◆ **The data**
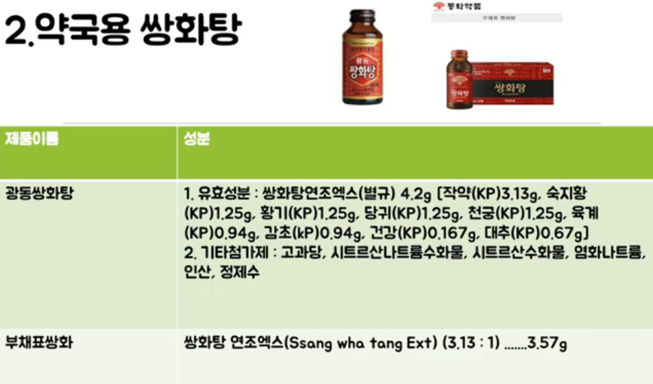 음료수가 아님 약국에서만 취급하는 의약품임 그래서 쌍화탕 탕 이라고 명시된것을 마셔야 효과가 있음
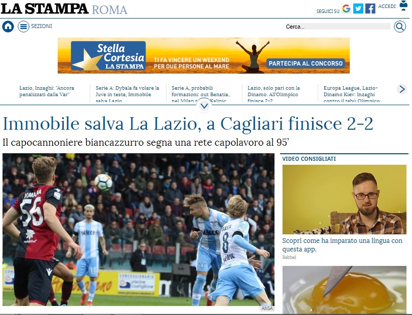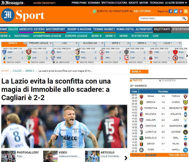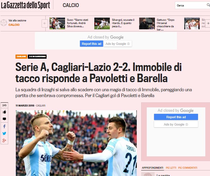 «Бьянко-челести сыграли чрезвычайно пассивно, что не характерно для этой команды. Сказывается участие Лацио в играх Лиги Европы, в которых Орлы тратят немало сил. После мяча Бареллы, казалось, Кальяри отпразднует заслуженную победу умопомрачительный удар Иммобиле пяткой, перевернул ситуацию с ног на голову», — подытоживает таблоид.
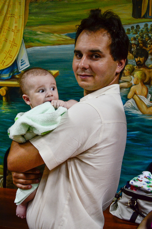 21 июня 2015 года мы покрестили малыша. Храм я выбирала очень долго, ведь в нашем маленьком городке их 3. Пошла на поводу у своей мамы и разочаровалась. Народу много, опускали малышей в маленький бассейн ( а я хотела в " чашу "), и везде деньги деньги деньги.

◆ **What you are asked to do**
All lines above must be repeated exactly, and the pictures must be omitted.

◆ **Exercise output**
 음료수가 아님 약국에서만 취급하는 의약품임 그래서 쌍화탕 탕 이라고 명시된것을 마셔야 효과가 있음
 «Бьянко-челести сыграли чрезвычайно пассивно, что не характерно для этой команды. Сказывается участие Лацио в играх Лиги Европы, в которых Орлы тратят немало сил. После мяча Бареллы, казалось, Кальяри отпразднует заслуженную победу умопомрачительный удар Иммобиле пяткой, перевернул ситуацию с ног на голову», — подытоживает таблоид.
 21 июня 2015 года мы покрестили малыша. Храм я выбирала очень долго, ведь в нашем маленьком городке их 3. Пошла на поводу у своей мамы и разочаровалась. Народу много, опускали малышей в маленький бассейн ( а я хотела в " чашу "), и везде деньги деньги деньги.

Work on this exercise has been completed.